Contested cases take 6 to 12 months on average, and high-conflict cases involving custody disputes or complex property can extend 18 to 24 months. The process includes temporary orders hearings within 14 to 30 days, mandatory mediation in most counties, discovery exchanges, and either a final decree by agreement or a trial before a judge (jury trials are available for some issues under § 6.703). Counties like Harris, Dallas, Travis, and Bexar use e-filing through efile.txcourts.gov, while smaller counties may still accept paper filings. All Texas divorce decrees must be signed by a district judge and entered in the court's minutes to become effective.
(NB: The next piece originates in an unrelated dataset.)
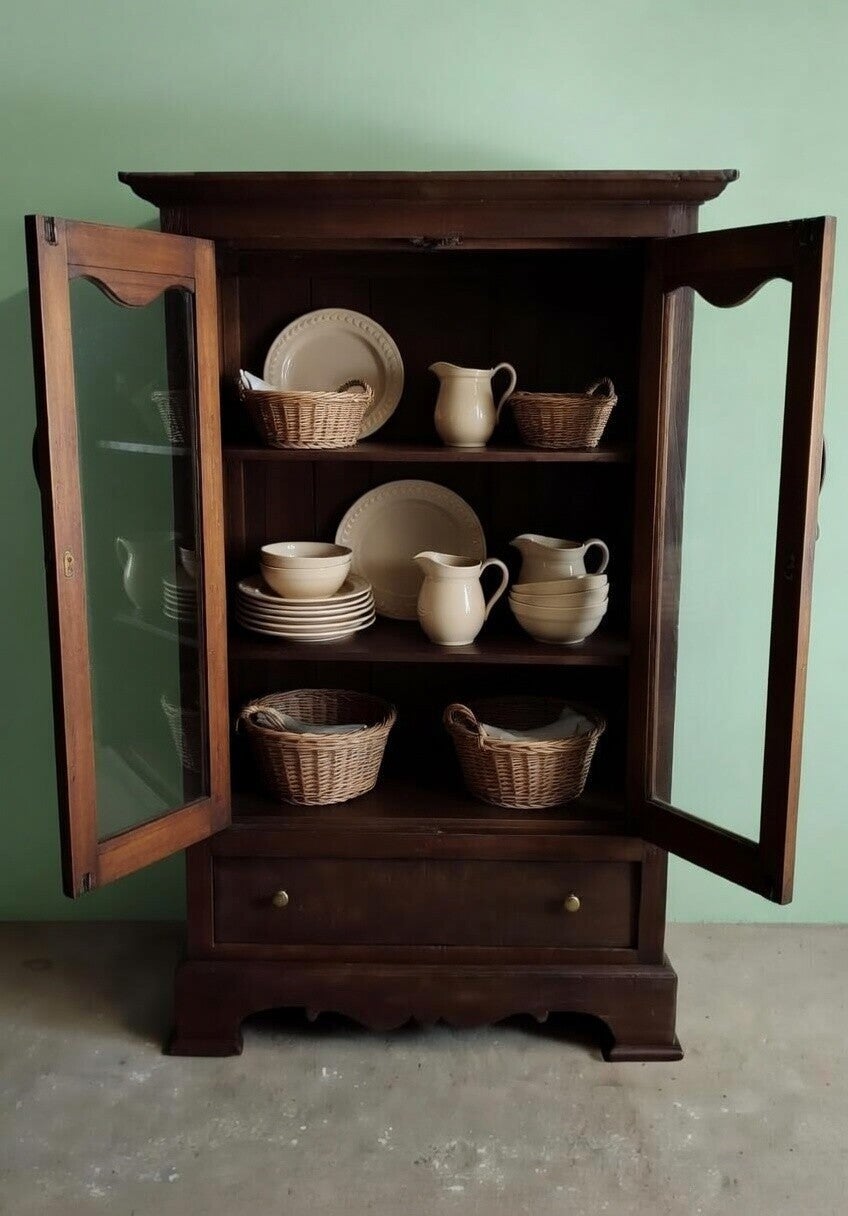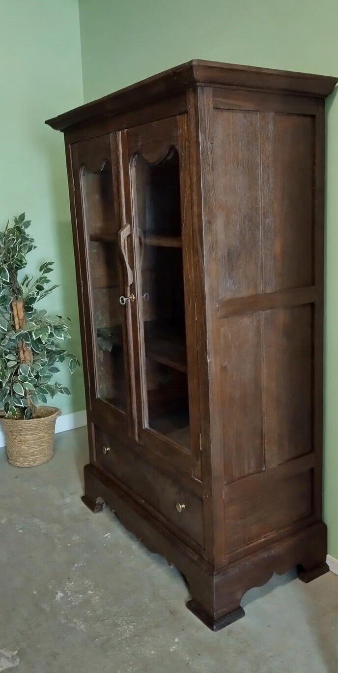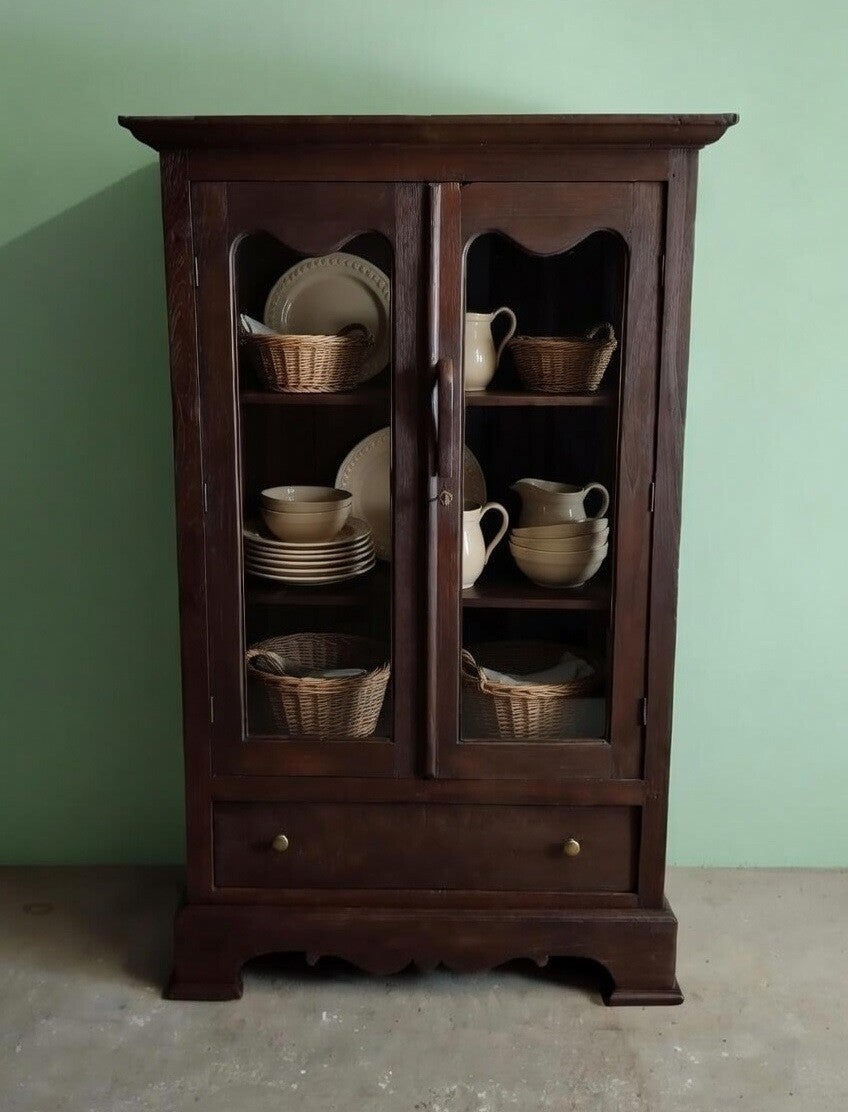Zeer oude landelijke vitrinekast – donker teak
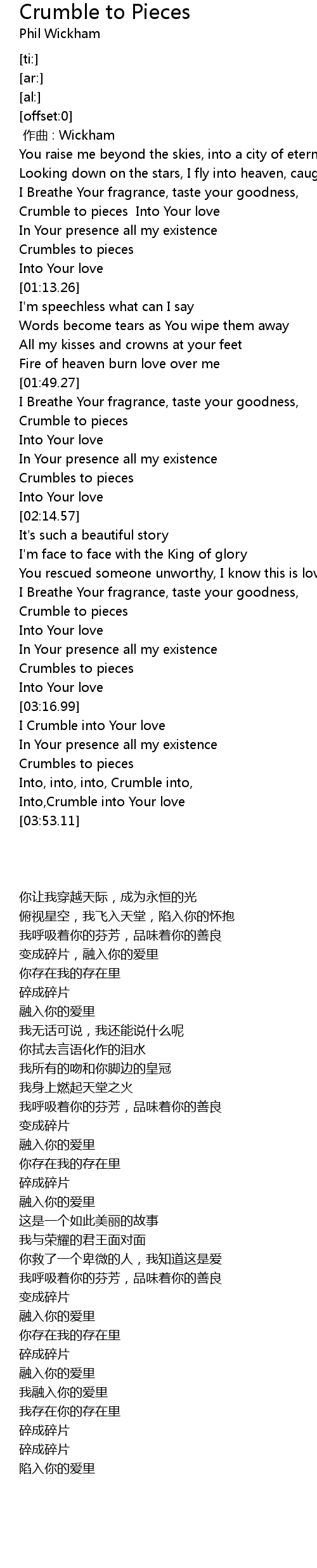 | [01:56.06] | Crumble to pieces |

Costs of Same-Sex Divorce in Texas
The total cost of a same-sex divorce in Texas ranges from $300 for a pro se uncontested filing to $30,000 or more for a contested case with custody and property disputes. Filing fees run $250 to $350 depending on county, service of process costs $75 to $150 through a constable or private process server, and mediation ranges from $300 to $800 per party. Attorney fees drive the majority of costs: Texas family law attorneys charge $250 to $500 per hour in urban markets and $150 to $300 per hour in smaller counties.
| Divorce Type | Estimated Cost Range | Typical Timeline |
|---|---|---|
| Uncontested, pro se | $300-$500 | 61-90 days |
| Uncontested with attorney | $1,500-$3,500 | 60-120 days |
| Contested, no children | $7,500-$15,000 | 6-9 months |
| Contested with custody | $15,000-$30,000 | 9-18 months |
| High-conflict with experts | $30,000-$100,000+ | 12-24 months |
Texas does not award attorney fees automatically, but courts may order one spouse to pay the other's reasonable fees under Tex. Fam. Code § 6.708 when there is a significant income disparity. Low-income filers can request a fee waiver by filing a Statement of Inability to Afford Payment of Court Costs, which must be approved by the judge.
Spousal Maintenance (Alimony) in Texas
Texas has the most restrictive spousal maintenance statute in the United States, codified at Tex. Fam. Code § 8.051 through § 8.055. A spouse qualifies for court-ordered maintenance only if the marriage lasted at least 10 years and the requesting spouse lacks sufficient property and cannot earn enough to provide for minimum reasonable needs, or if there was family violence within the 2 years preceding filing, or if the requesting spouse has a disability or cares for a disabled child. Maintenance caps at the lesser of $5,000 per month or 20% of the obligor's gross monthly income under § 8.055.
Duration limits under § 8.054 restrict maintenance to 5 years for marriages of 10 to 20 years, 7 years for marriages of 20 to 30 years, and 10 years for marriages of 30+ years. Same-sex couples whose legal marriage began in 2015 have not yet reached the 10-year threshold required for post-divorce maintenance based on length of marriage alone, unless they married earlier in another jurisdiction. Contractual alimony, negotiated between the parties in a settlement agreement, has no statutory cap and is enforceable as a contract, making it the more common vehicle in Texas same-sex divorces when one spouse needs ongoing support.